At least two research organizations in Russia and a third likely target in Belarus were at the receiving end of an espionage strike by a Chinese country-condition state-of-the-art continuous risk (APT).
The cyberattacks, nicknamed “Twisted Panda,” happened against the background of Russia’s armed forces invasion of Ukraine, prompting a wide range of threat actors to quickly modify their techniques on the current turmoil to disseminate malware and execute opportunistic strikes.
They have manifested in the form of social engineering tactics, with current war and sanctions-themed baits arranged to lure potential victims into clicking damaging links or opening weaponized documents.
Examine Point, an Israeli cybersecurity firm that revealed details of the current intelligence-gathering technique, ascribed it to a Chinese risk actor with ties to Stone Panda (aka APT 10, Cicada, or Potassium) and Mustang Panda (aka Bronze President, HoneyMyte, or RedDelta).
Calling it a continuation of “a long-running espionage campaign against Russian-like businesses that has been in existence since at least June 2021,” the most recent signs of the activity are said to have been discovered as recently as April 2022.
Targets integrated two protection research establishments belonging to the Russian condition-owned defense conglomerate Rostec Company and an unfamiliar entity positioned in the Belarusian town of Minsk.
The phishing attacks commenced with emails that have a hyperlink masquerading as the Health Ministry of Russia, but in reality is an attacker-managed domain, as well as a decoy Microsoft Phrase doc built to trigger the infection and fall a loader.
Apart from establishing persistence through a scheduled process, the 32-bit DLL (“cmpbk32.dll”) is also responsible for launching a second-stage multi-layered loader, which is then unpacked to run the last payload in memory.
The inserted payload, Spinner, a previously undocumented backdoor, may leverage novel strategies including manage move flattening to hide the software move, which was previously found as being used by both Stone Panda and Mustang Panda in their assaults.

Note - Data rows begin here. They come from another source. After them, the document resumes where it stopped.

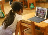 お友だちの顔が一斉に映り、お話もできるので、みんな大喜びです。あっという間に、いろいろな使い方を覚えていました。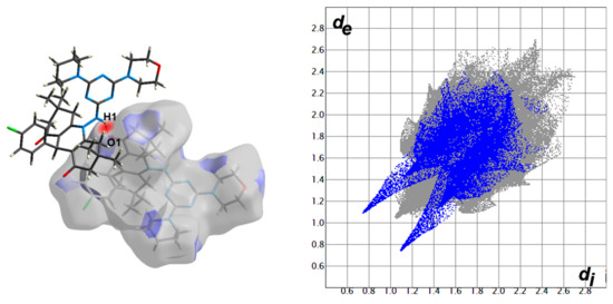 The dnorm maps (left) and FP plots (right) of the O1…H1 (1.831 Å) and Cl1…H28A (2.791 Å) contacts in the studied molecule.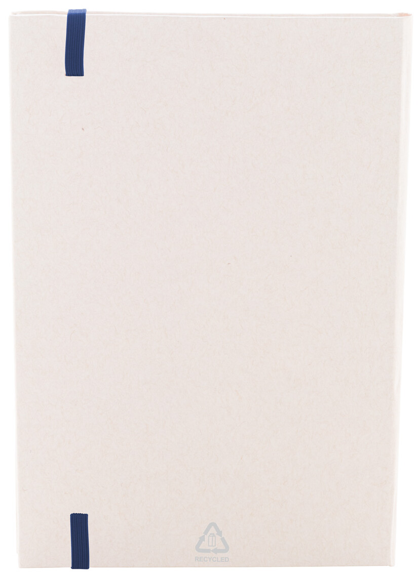 Blok A5 z kartonu z recyklovaného mléka s pevnou vazbou, 80 linkovanými listy a elastickým páskem v odpovídající barvě.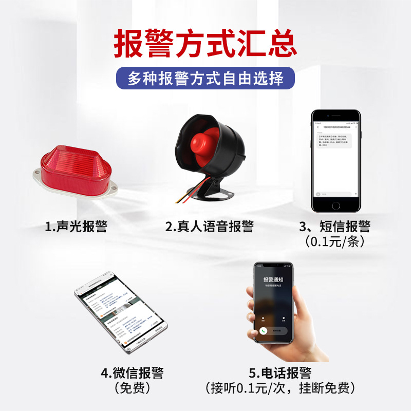 Стандартная версия (небольшая); Временная версия (небольшая); Стандартная версия (большая); Временная версия (большая); Стандартная версия (водонепроницаемый тип); Временная версия (водонепроницаемый); Увеличение внешней температуры и влажности; Добавлена связь RS485; Добавлена функция хранения диска U; Увеличение управления реле; Добавлена звуковая и световая сигнализация; Добавлена живая голосовая сигнализация; Добавлена сигнализация по телефону, VX, SMS; Добавлена связь 4G; Добавлена связь WIFI; Добавлена связь LoRa; Добавлена связь Ethernet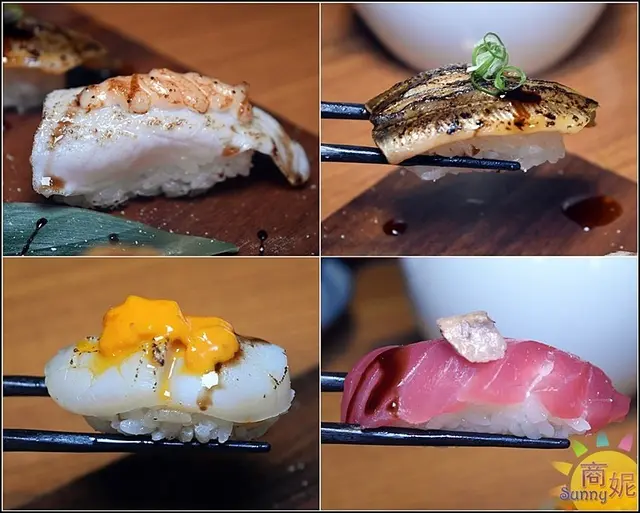 干貝海膽握壽司 生食級大干貝本身就很軟嫩,加上鮮甜的海膽醬甜上加甜好享受啊~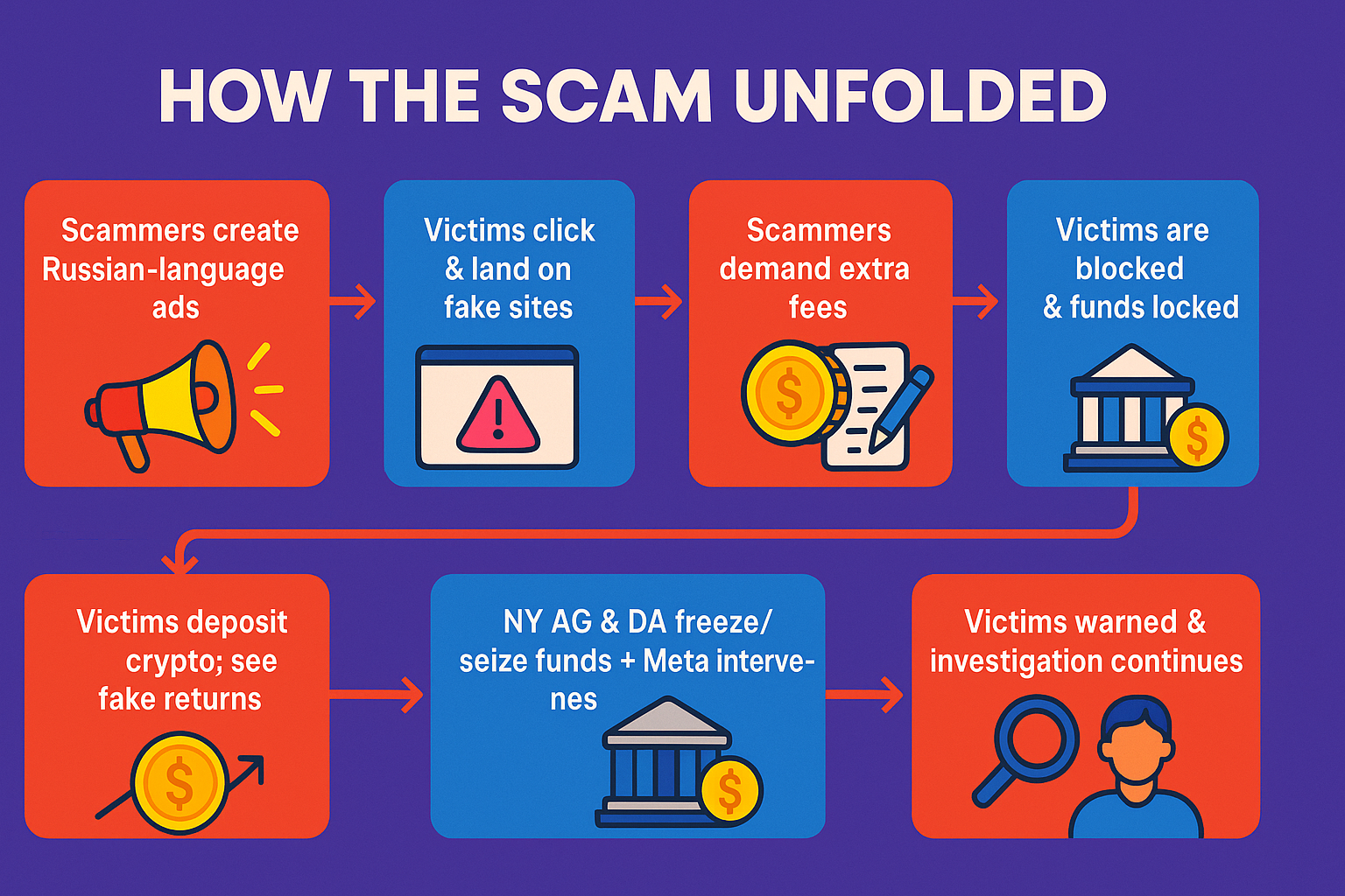 «Nyu-York Bosh prokurori Letitsiya Jeyms ijtimoiy tarmog’i orqali amalga oshirilgan kripto firibgarlik tarmog’iga qarshi kurash e’lon qildi. Politsiya 300,000 dollar miqdoridagi aktivlarni muzlatdi va yana 140,000 dollarni, shuningdek, domen nomlari va elektron pochta manzillarini qo’lga kiritdi.

“These tools have been in development since at least March 2021 and employ advanced evasion and anti-investigation strategies such as multi-layer in-memory loaders and compiler-stage obfuscations,” according to Look at Place.
Despite its complex coding, Spinner is a barebones implant that can only enumerate infected hosts and run additional payloads downloaded from a remote server.
According to the compilation timestamps of the executables, Test Place uncovered an earlier form of the backdoor that is spread in a similar pattern, indicating that the marketing effort has been active since June 2021.
However, while the older edition lacks the anti-reverse engineering strategies, it compensates by offering additional capabilities not found in Spinner, such as the ability to record and manipulate data files, exfiltrate sensitive information, and run functioning program instructions and arbitrary downloaded payloads.